使用类型对应的pattern ops,索引搜索不仅支持LIKE的写法,还支持规则表达式的写法。
例子
test=# create index idx1 on test(reverse(info) text_pattern_ops);
CREATE INDEX
test=# explain (analyze,verbose,timing,costs,buffers) select * from test where reverse(info) like '4152%';
QUERY PLAN
--------------------------------------------------------------------------------------------------------------------------
Index Scan using idx1 on public.test (cost=0.42..4009.43 rows=5000 width=37) (actual time=0.026..0.049 rows=12 loops=1)
Output: id, info
Index Cond: ((reverse(test.info) ~>=~ '4152'::text) AND (reverse(test.info) ~<~ '4153'::text))

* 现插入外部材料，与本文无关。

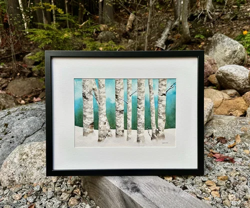 8” x 10” original watercolor recreating a family’s log cabin in Jackson, NH
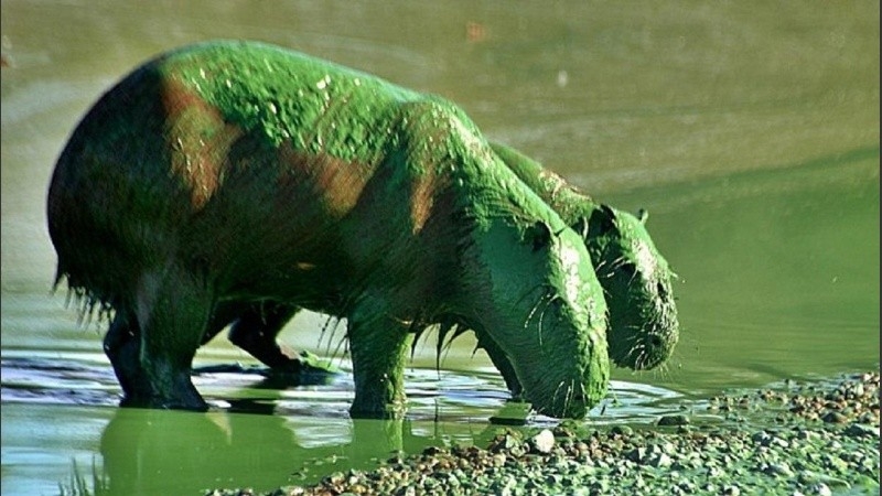Una de las postales más impactantes fue captada por el fotógrafo Juan Menoni, donde se ve a varios de los carpinchos –que viven en las inmediaciones de Puerto Luis– cubiertos por una capa de algas en todo su pelaje.
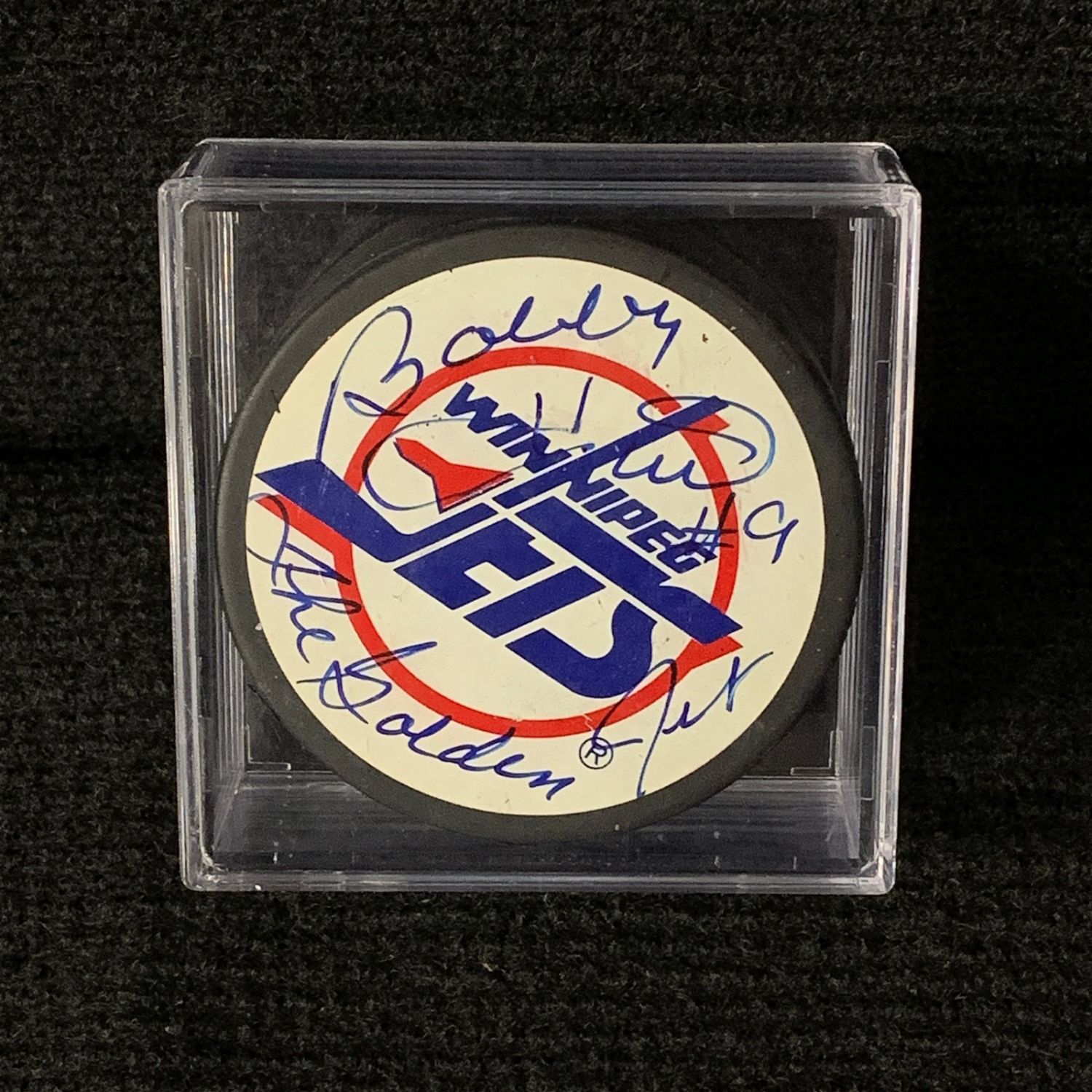 Signed with "The Golden Jet" Winnipeg Jets Signed Hockey Puck. Signed by Bobby Hull. COA from JSA. Detroit Red Wings Signed Hockey Puck. Signed by Gordie Howe. COA from JSA. We are a veteran owned company. Please look at the pictures carefully to determine what you believe the condition of collecitible is. We are currently accepting consignments. Email us a [email protected] or visit our website, www.ahauctionhouse.com.
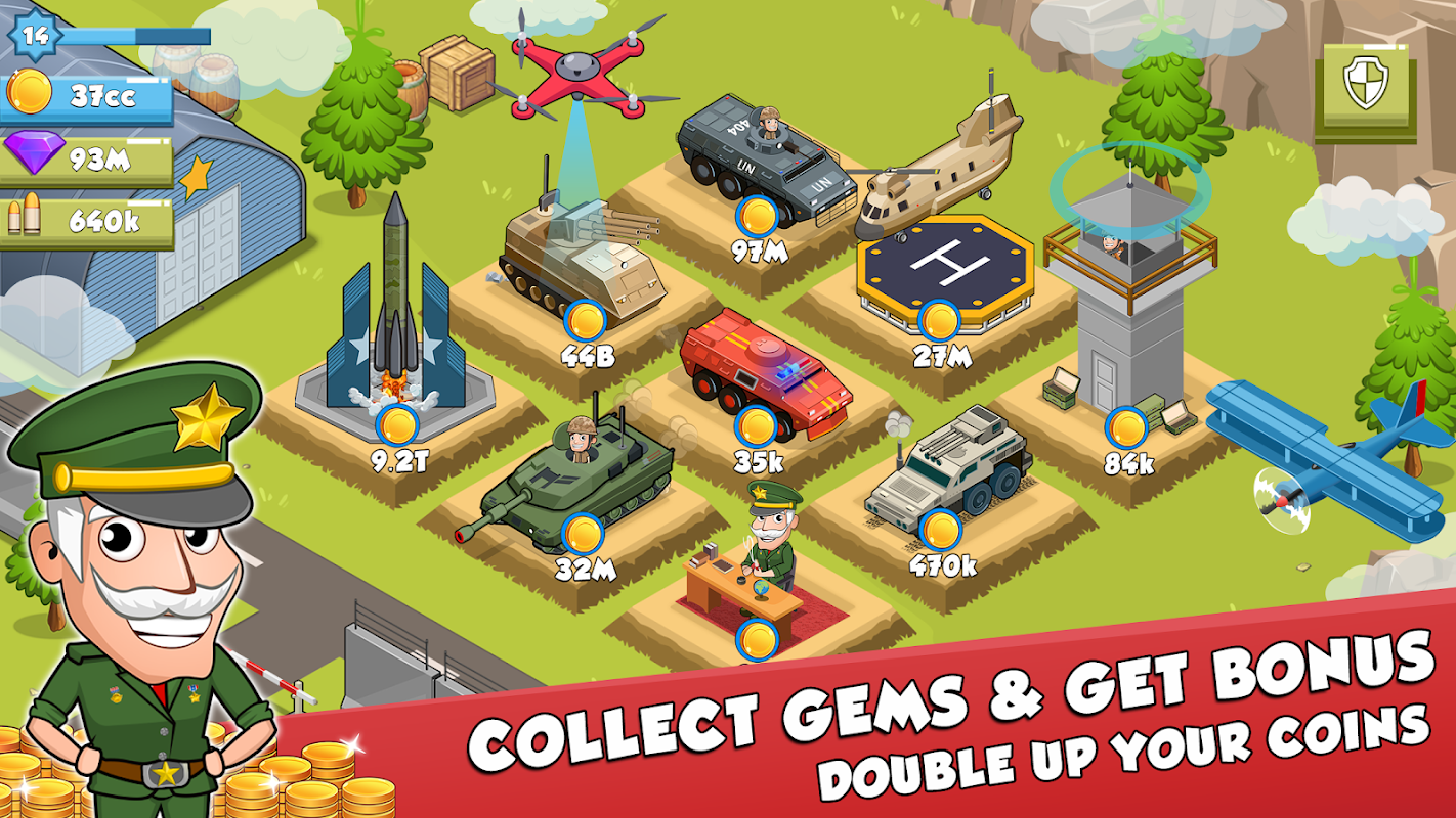Idle Army Tycoon is een legerheld en leger-tappergame waarin je op munten klikt en upgradet door te tikken. Legergevecht door militaire clickers is een 'idle economy booster game' waarin we soldaten van het leger rangschikken en munten rangschikken en vervolgens miljoenen, miljarden, quintillions en octodecillions verdienen. Het klikken op oorlog is een uniek koninkrijks aanvalsspel van de lading leger voor troepen tikken. Je gaat munten verdienen en ontgrendelt dan het commando en zal landaanvallen doen. Krachtenstaking in het spel van inactieve militairen is moderne militaire commando-training. Om een inactieve squadron te worden en de tycoon voor inactieve gevechten te genieten van de aanval op het wereld oorlogsland. Ontgrendel alle landen als ontmoetingsmagnaat en vergroot je niet-werkende economie in miljoenen, miljarden, kwintillons en achttallen. Na het ophalen van de munten worden militaire troepen en militaire wapens opgewaardeerd voor het voltooien van de militaire oorlog in de legermissie. Vecht eindeloos en verdedig je land na het huren van de leger kribbe. In Idle business tik je op munten en wordt je sterker en sterker, krijg je een boost aan de economie en aan legermilitairen. Blijf klikken en ga naar het tabblad om legerbeheerder in te huren voor het trainen van soldaten en het verzamelen van munten. Versla de wereld verschillende koninkrijken leger missie en onderzoekt idle leger tycoon macht bevordering van leger wapens, soldaat en aanval wereldwijd. Idle Army Tycoon heeft alles wat je zou denken na een clicker, tikken, upgrades, successen, munten voor verzamelobjecten.

Filter: (reverse(test.info) ~~ '4152%'::text)
Buffers: shared hit=15
Planning time: 0.102 ms
Execution time: 0.072 ms
(7 rows)
test=# explain (analyze,verbose,timing,costs,buffers) select * from test where reverse(info) ~ '^4152';
QUERY PLAN
--------------------------------------------------------------------------------------------------------------------------
Index Scan using idx1 on public.test (cost=0.42..4009.43 rows=5000 width=37) (actual time=0.031..0.063 rows=12 loops=1)
Output: id, info
Index Cond: ((reverse(test.info) ~>=~ '4152'::text) AND (reverse(test.info) ~<~ '4153'::text))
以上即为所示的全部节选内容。